**RECORD EXCERPTS:**
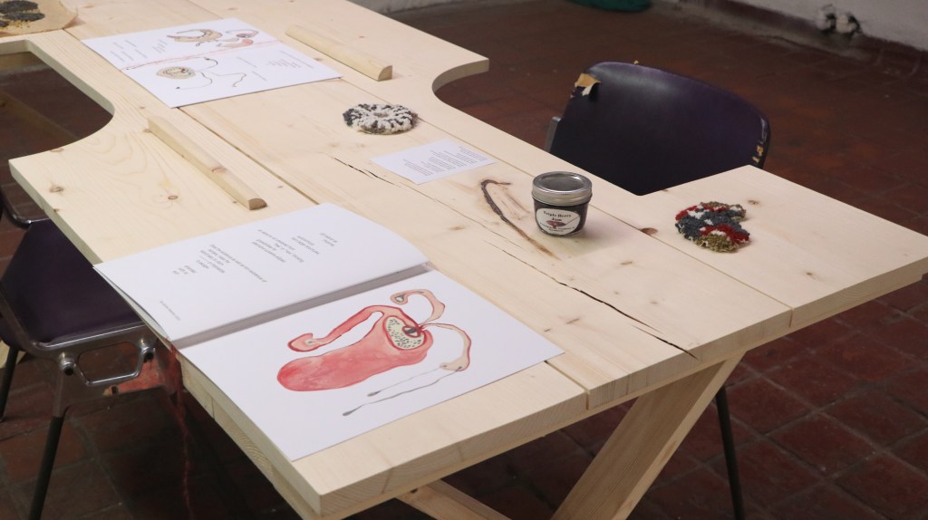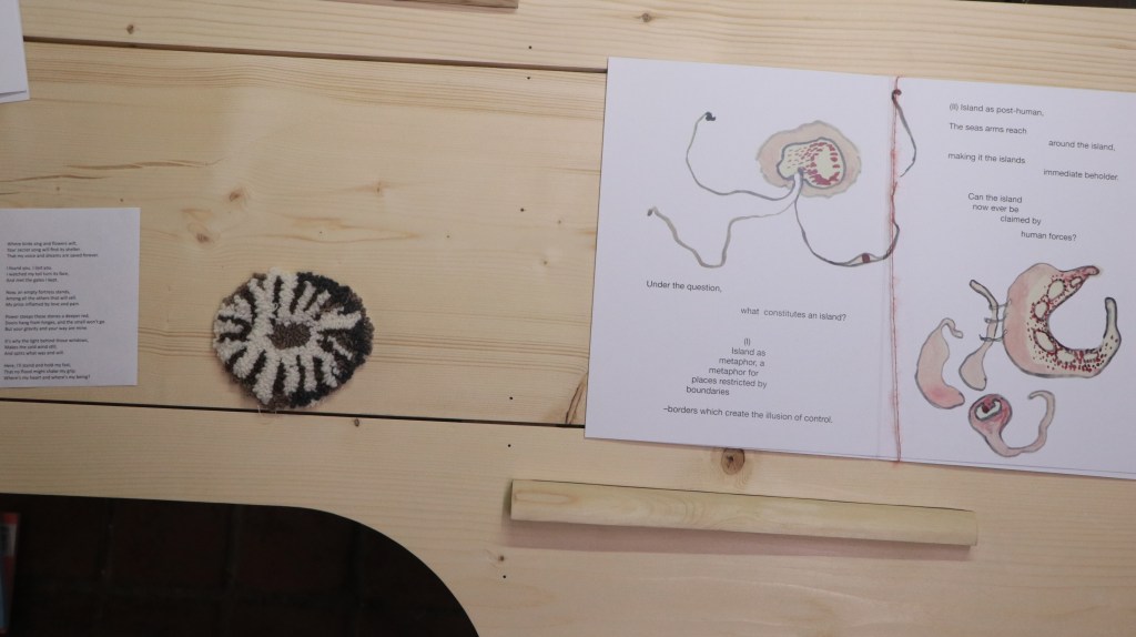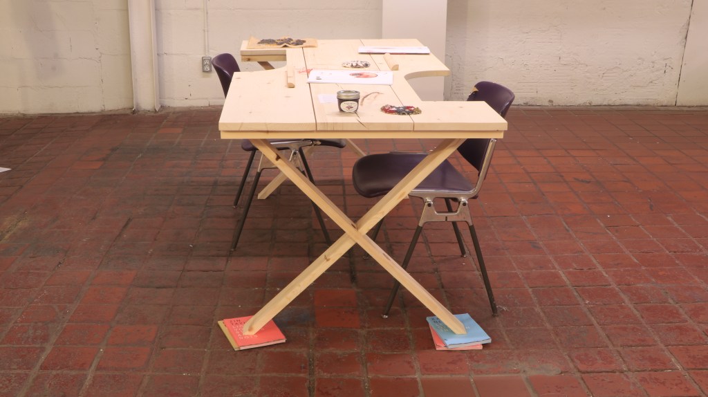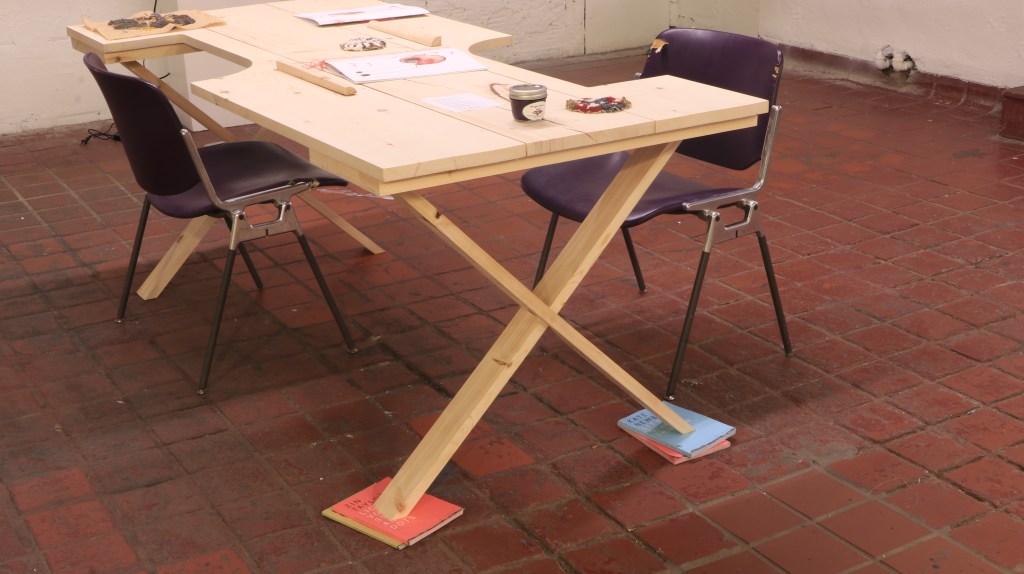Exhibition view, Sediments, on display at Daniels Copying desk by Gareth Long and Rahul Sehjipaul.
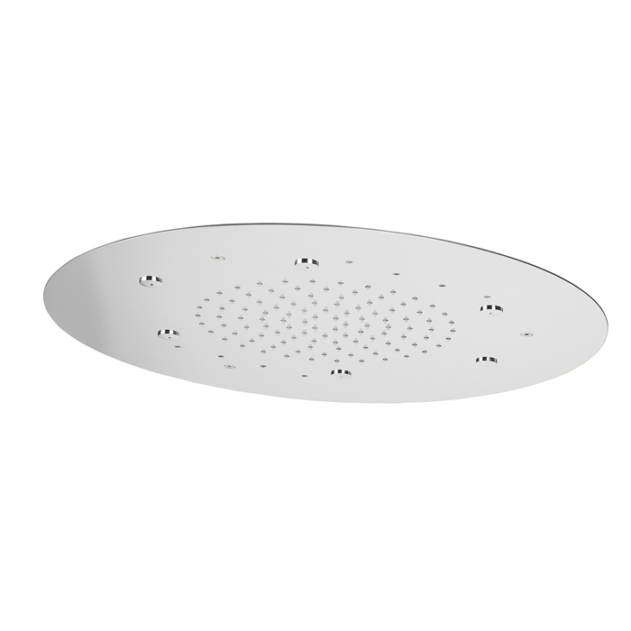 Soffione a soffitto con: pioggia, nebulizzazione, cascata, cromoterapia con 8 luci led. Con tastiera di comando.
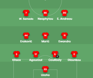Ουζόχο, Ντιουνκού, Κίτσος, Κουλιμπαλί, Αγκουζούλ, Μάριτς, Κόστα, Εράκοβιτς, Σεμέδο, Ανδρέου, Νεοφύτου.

--

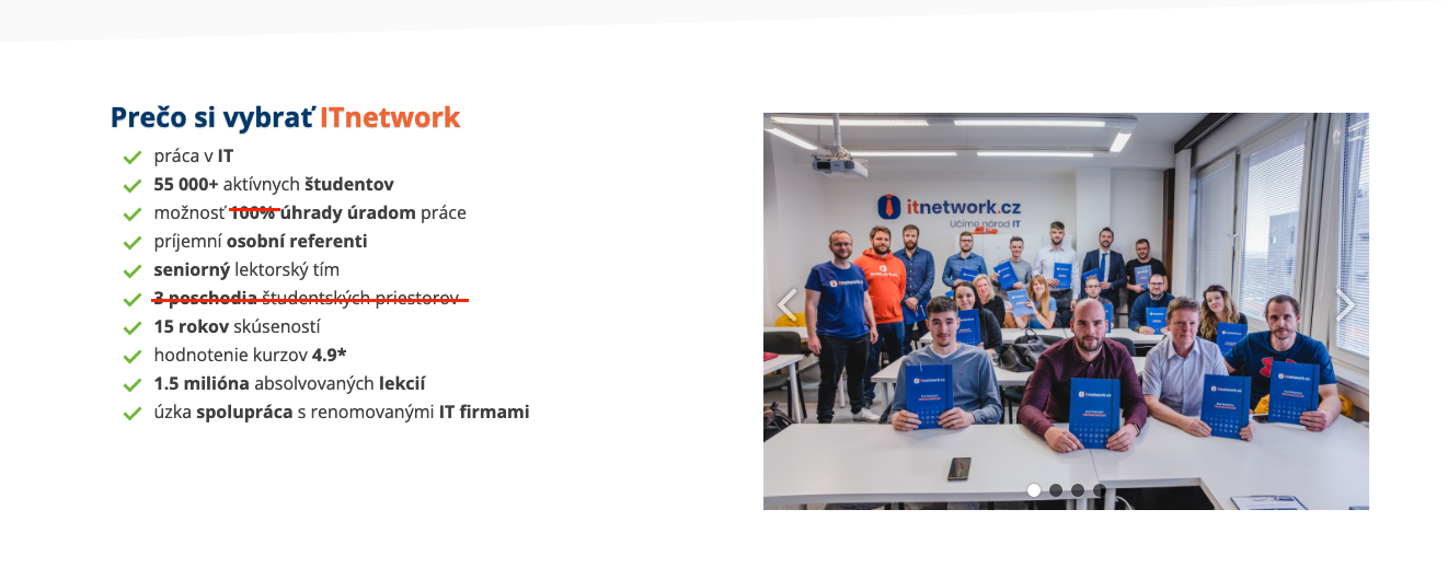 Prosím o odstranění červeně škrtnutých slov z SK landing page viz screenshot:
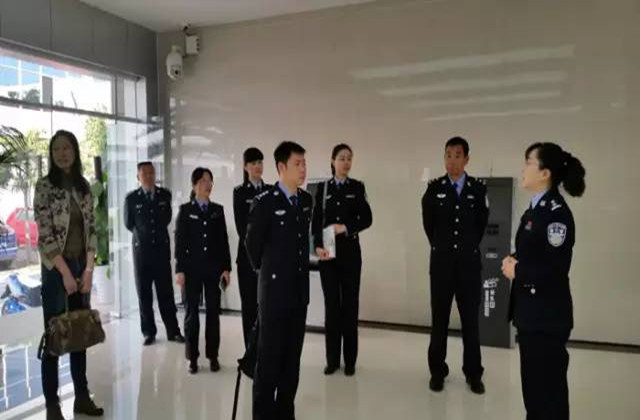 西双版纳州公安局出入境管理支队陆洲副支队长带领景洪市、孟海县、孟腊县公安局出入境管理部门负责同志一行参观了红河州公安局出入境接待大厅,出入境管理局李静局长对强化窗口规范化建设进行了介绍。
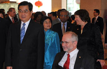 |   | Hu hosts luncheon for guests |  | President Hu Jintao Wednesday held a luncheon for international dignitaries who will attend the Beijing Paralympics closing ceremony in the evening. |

**TASK:** In the listing above, find the line containing "Exhibition view, Sediments, on" and the line containing "Σεμέδο, Ανδρέου, Νεοφύτου.", then write out both of them and every line between, exactly, with no pictures.

**OUTPUT FOR THIS TASK:**
Exhibition view, Sediments, on display at Daniels Copying desk by Gareth Long and Rahul Sehjipaul.
 Soffione a soffitto con: pioggia, nebulizzazione, cascata, cromoterapia con 8 luci led. Con tastiera di comando.
Ουζόχο, Ντιουνκού, Κίτσος, Κουλιμπαλί, Αγκουζούλ, Μάριτς, Κόστα, Εράκοβιτς, Σεμέδο, Ανδρέου, Νεοφύτου.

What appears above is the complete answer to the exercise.